ACTIVITY:
Restate word for word the part of the material that runs from the line containing "Комплект тарелок Flock" through its final line, inclusive, minus the pictures.

SOURCE DATA:
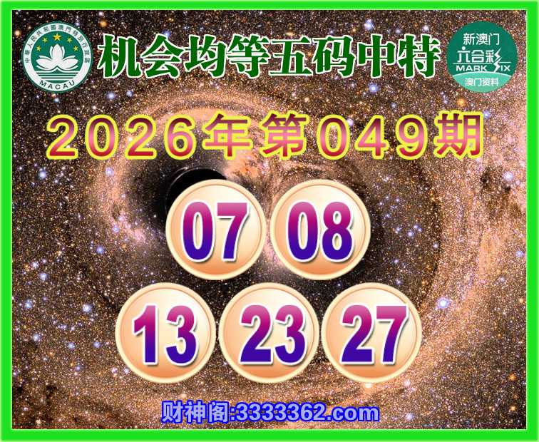 049期:〖机会均等〗 🎀五码中特🎀【07.08.13.23.27】开:13
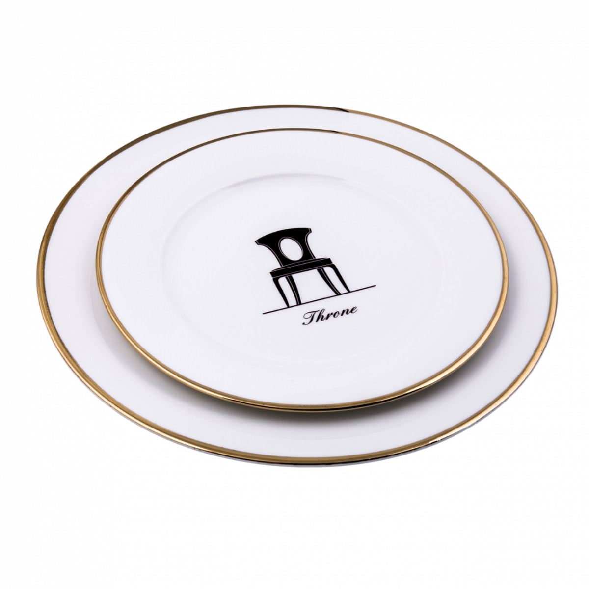 Комплект тарелок Flock выполнен из качественного фарфора. Большая тарелка диаметром 25,5 см, маленькая - диаметром 20,5 см белого цвета с золотой каймой и изображением стула в центре тарелки. Можно использовать отдельно, а также в комплекте с чайной парой Flock.
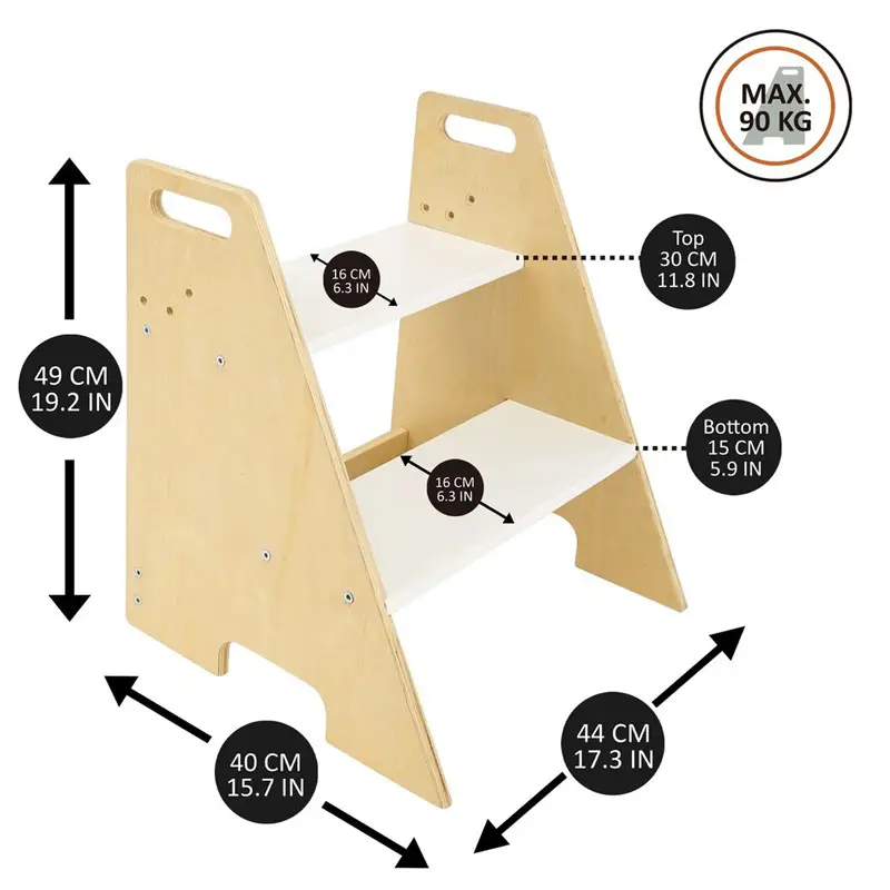 También puedes utilizar la escalera de 2 niveles de forma independiente desatornillando la tabla deslizante, puede usarse como una torre de aprendizaje que permite a los niños lavarse las manos o cepillarse los dientes en el baño. La escalera soporta un peso de hasta 90 kg.
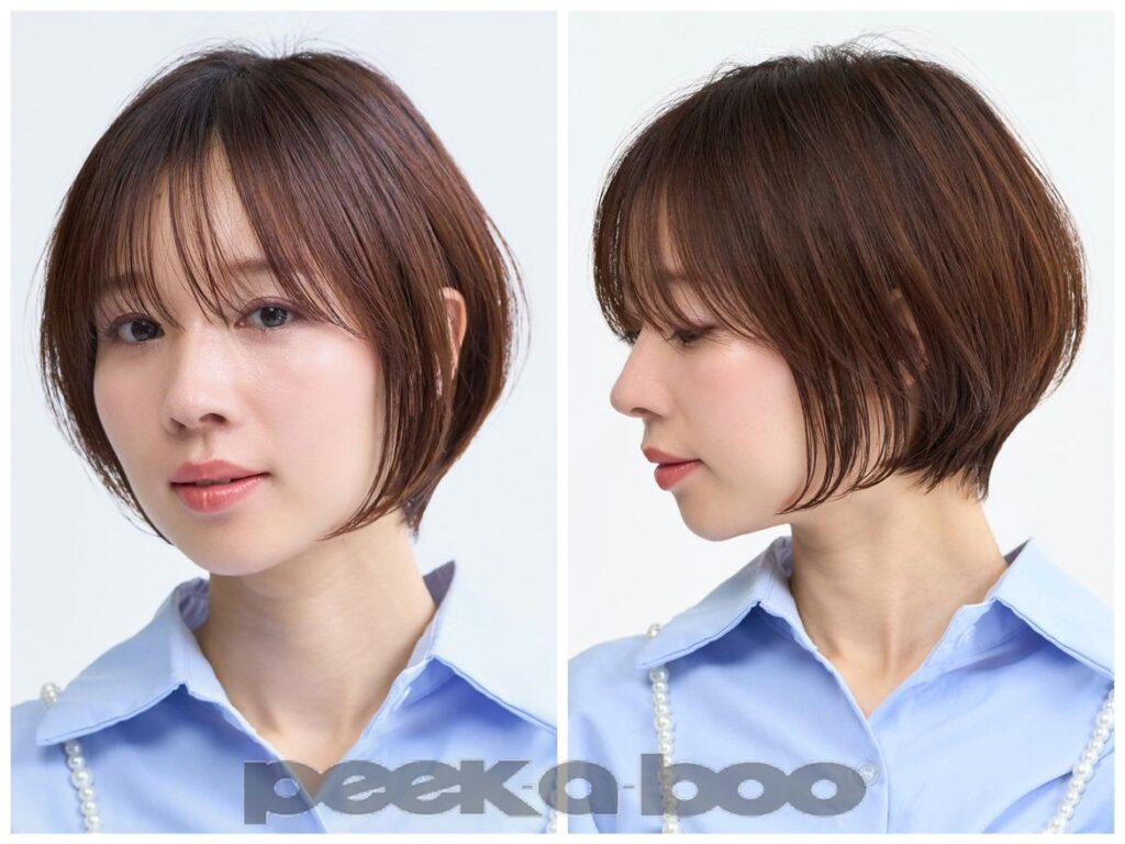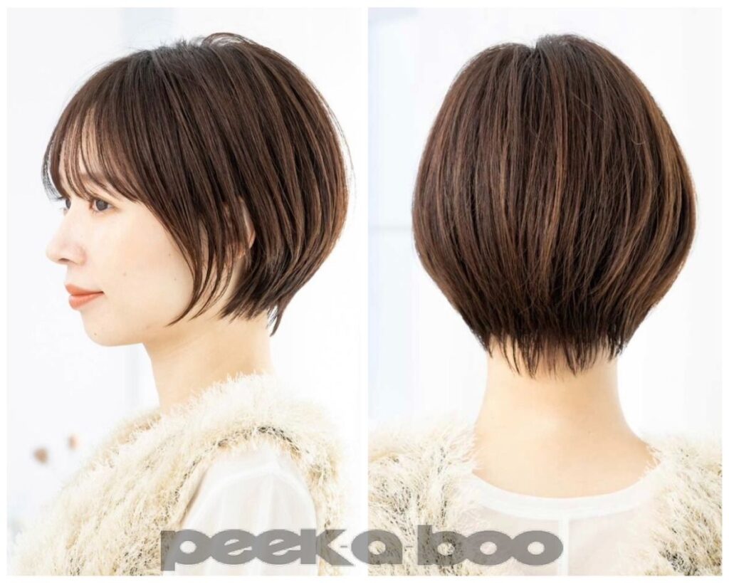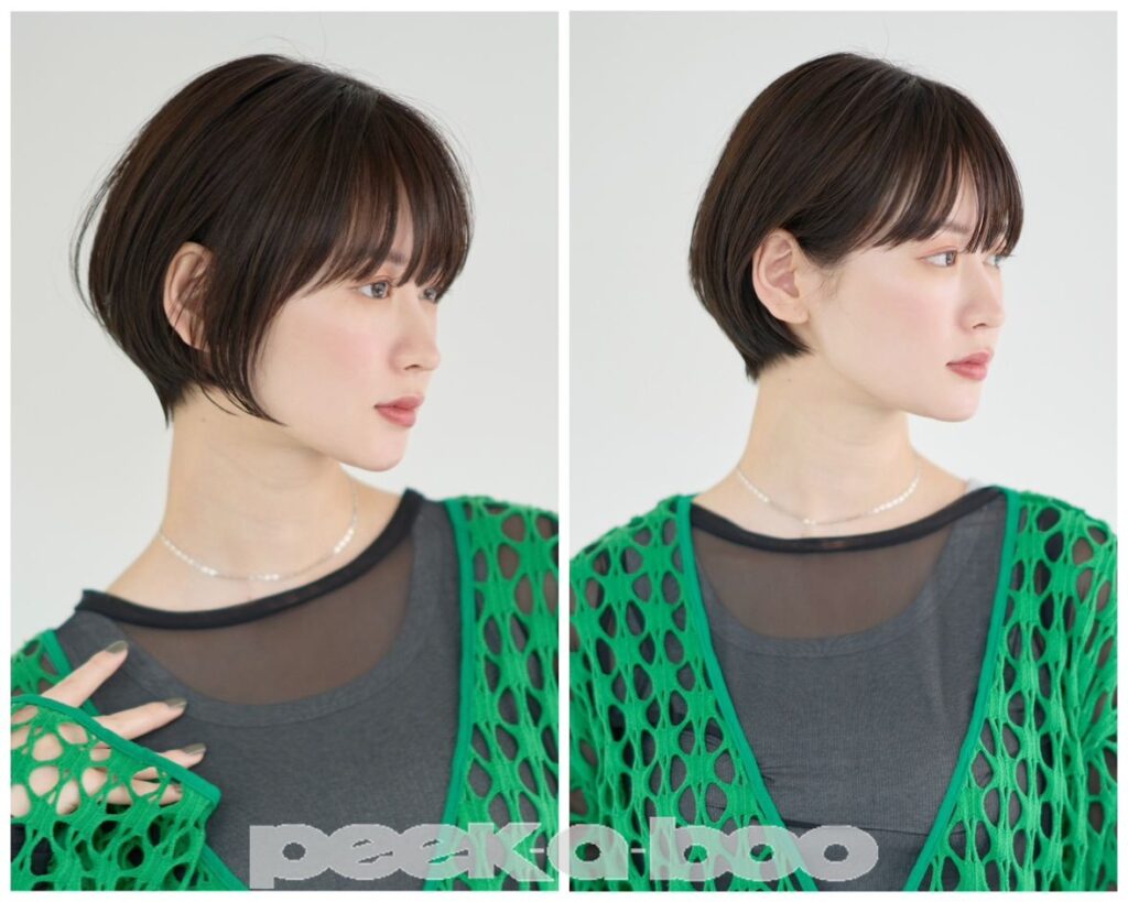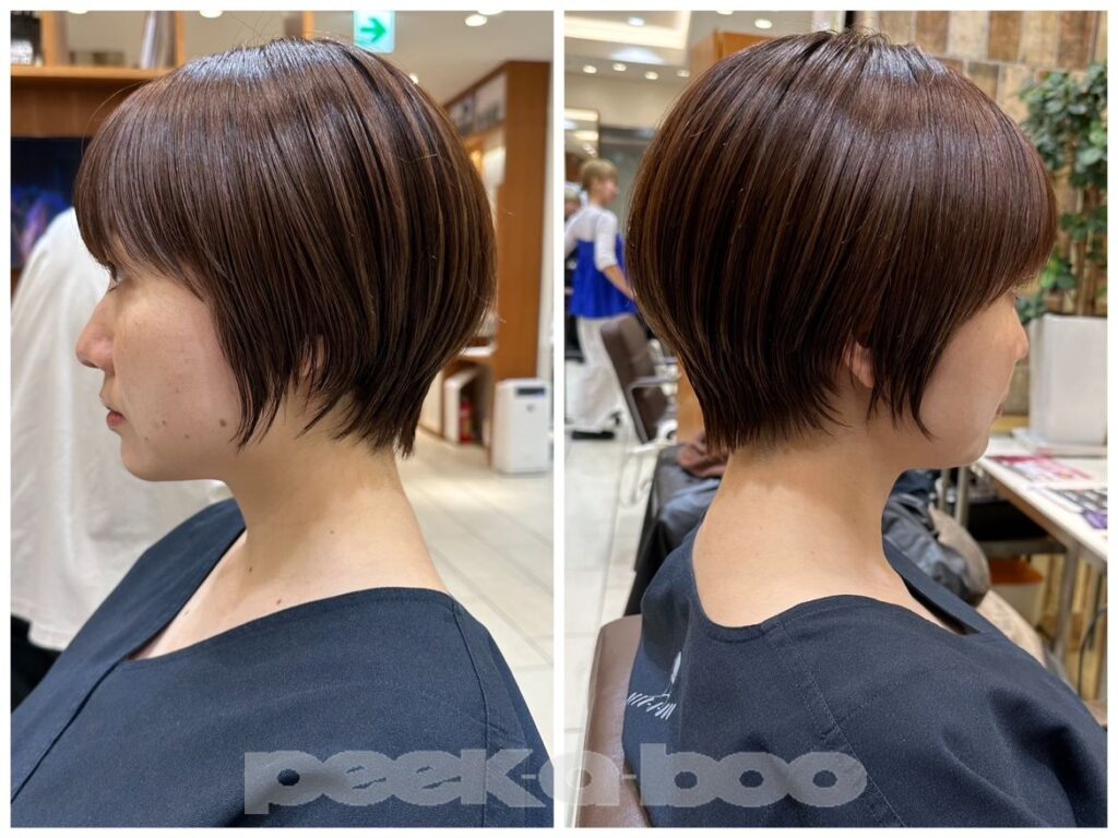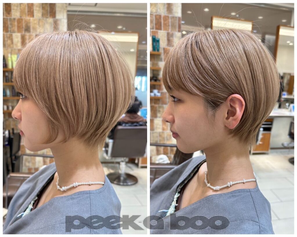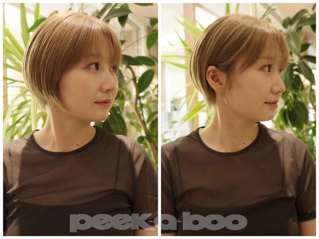 耳にかけなければ奥行のあるショートボブ、耳にかけるだけでよりシャープなショートカットに見えますので、その日の気分に合わせて2つのショートスタイルをお楽しみください☆

OUTPUT FOR THIS TASK:
 Комплект тарелок Flock выполнен из качественного фарфора. Большая тарелка диаметром 25,5 см, маленькая - диаметром 20,5 см белого цвета с золотой каймой и изображением стула в центре тарелки. Можно использовать отдельно, а также в комплекте с чайной парой Flock.
 También puedes utilizar la escalera de 2 niveles de forma independiente desatornillando la tabla deslizante, puede usarse como una torre de aprendizaje que permite a los niños lavarse las manos o cepillarse los dientes en el baño. La escalera soporta un peso de hasta 90 kg.
 耳にかけなければ奥行のあるショートボブ、耳にかけるだけでよりシャープなショートカットに見えますので、その日の気分に合わせて2つのショートスタイルをお楽しみください☆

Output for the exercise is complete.